Zurück zum Thema. Haben die Fußnoten den Roman also damals für mich ruiniert? Nein, keinesfalls. Aber ich glaube, sie sind ein schlussendlich unlauterer Eingriff in das, was der Text erreichen will – nicht in dem Sinne der Geschichte, die er erzählt; aber im Sinne der Art, wie er sie erzählen möchte.
Die Erkenntnis haben auch die deutschen Ausgaben erlangt, scheint es. 1996 erschien über Rogner & Bernhard bei Zweitausendeins eine abweichende Übersetzung, laut Impressum von Reinhard Heinz und Peter Robert.5
Die erschien dann vier Jahre später auch wiederum bei Heyne, dort als „bearbeitete Neuausgabe“ ausgewiesen – und diese Fassung, die von Reinhard Heinz und Peter Robert, ist auch noch die Grundlage für die erst 2021 beim Tropen-Verlag erschienene, jüngste deutschsprachige Ausgabe.6
Und wie erwartet: All diese Neuausgaben, alles jenseits dieser ersten, initialen Heyne-Übersetzung von 1987, verzichtet auf diese Fußnoten.

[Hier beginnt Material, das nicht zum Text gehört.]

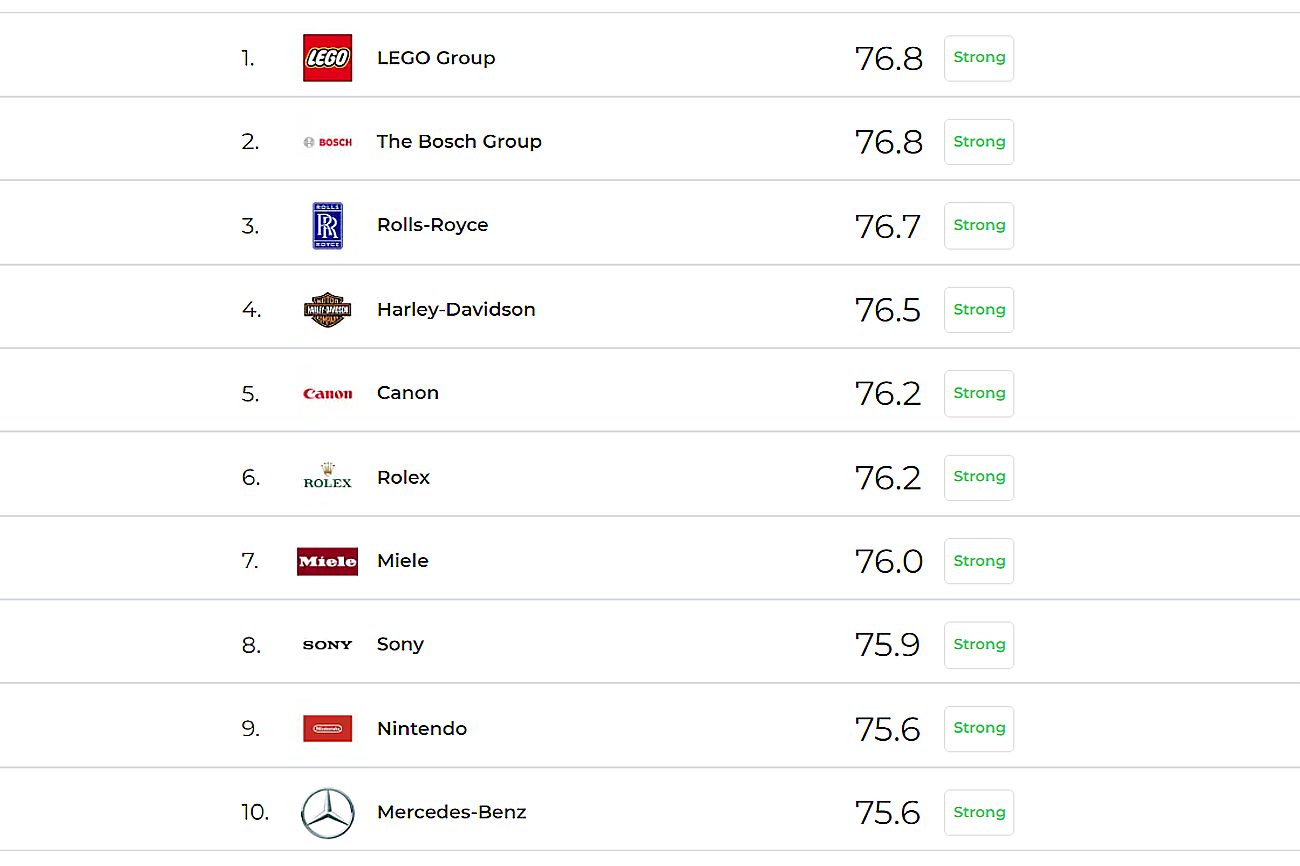 Na prvom mestu s najboljom ocenom, 76,8, ponovo se našao LEGO Group, kompanija za proizvodnju igračaka sa sedištem u Bilundu, u Danskoj, koja je najpoznatija po proizvodnji igračaka marke LEGO.

Aus heutiger Sicht aber würde ich sagen, sind sie ein spannendes Relikt und eine Zeitkapsel hinein in eine ganz andere Ära. 1987 sind wir ja nur drei Jahre nach Erscheinen des englischen Originals, und dass es zu jener Zeit noch jemand für sinnvoll hielt, dem Leser Yakuza (S. 22) und Ninja (S. 105), Nunchaku (S. 42) und Pixel (S. 64) zu erklären, sagt uns eine Menge darüber, wie unfassbar seiner Zeit voraus und futuristisch Neuromancer damals war – was wichtig ist, da das Buch seinerseits so unglaublich prägend gewesen ist, dass vieles daran heute fast alltäglich wirkt.
Am Ende des Tages macht all das diese Ausgabe sogar zu einem perfekten Beispiel für den Wert physischer Medien. Niemand kann die 1987er-Ausgabe löschen oder patchen, aus Buchregalen delisten oder ersetzen. Zumindest solange Papier und Bindung halten, ist diese Zeitkapsel ein unverrückbares Artefakt und Zeugnis ihrer Epoche.
Und das ist dann wiederum irgendwie ironisch bei einem Buch, das den Begriff des Cyberspace prägte und die virtuellen Realitäten so sehr ins kulturelle Bewusstsein gehievt hat.

Viele Grüße,
Thomas

  1. Zur Referenz für die Computer-Unkundigen, mein fünf Jahre alter Mac Mini hat 8.000 Megabyte, und selbst das ist heute fast schon albern wenig. ↩︎
  2. Wie passend dazu, noch eine Fußnote! Um meine literaturwissenschaftliche Wurzel nicht vollauf zu vernachlässigen, alle einfachen Seitenangaben in diesem Artikel beziehen sich auf:
    Gibson, William: Neuromancer. München: Wilhelm Heyne Verlag 1987. Neunte Auflage von 1994. ↩︎
  3. Und auch abseits der Genre-Literatur gibt es sowas ja. Es wird mich ewig faszinieren, wie Eike von Savigny es geschafft hat, aus John Austins fluffig-lockerem How to do Things with Words das auch jenseits des Titels von allem Spaß befreite Zur Theorie der Sprechakte zu „übersetzen“. ↩︎
  4. Cory Doctorow, unter anderem Autor des bemerkenswerten Little Brother und Schöpfer des von mir sehr geschätzten Begriffs der Enshittification, hat auf BoingBoing dazu mal einen kurzen, aber auch kurzweiligen Artikel verfasst. ↩︎
  5. Ich weiß es natürlich nicht und alles in dieser Fußnote ist pure Spekulation, aber in dem Wissen, wie solche Angaben in Impressen manchmal zustande kommen, könnte ich mir vorstellen, dass hier de facto Peter Robert im Nachgang einmal gründlich über die bestehende Heinz-Übersetzung drübergebügelt hat, bis sie ihre heutige Form erreicht hat. Weiß ich aber nicht, vielleicht war’s auch eine ehrliche Kooperation zwischen beiden. In jedem Fall unterscheiden sich beide Varianten nachhaltig, auch über die Fußnoten hinaus, bereits ab dem allerersten Satz. ↩︎
  6. Ich besitze die Tropen-Ausgabe nicht, aber ich besitze die erwähnte R&B-Ausgabe von 1996 und zumindest soweit die Tropen-Leseprobe reicht, konnte ich keine Unterschiede entdecken. ↩︎

Ein Kommentar zu “Die Fußnoten des frühen Neuromancer

  1. hui, da kommt noch mehr von mir, da ich den Artikel noch Mal lese muss.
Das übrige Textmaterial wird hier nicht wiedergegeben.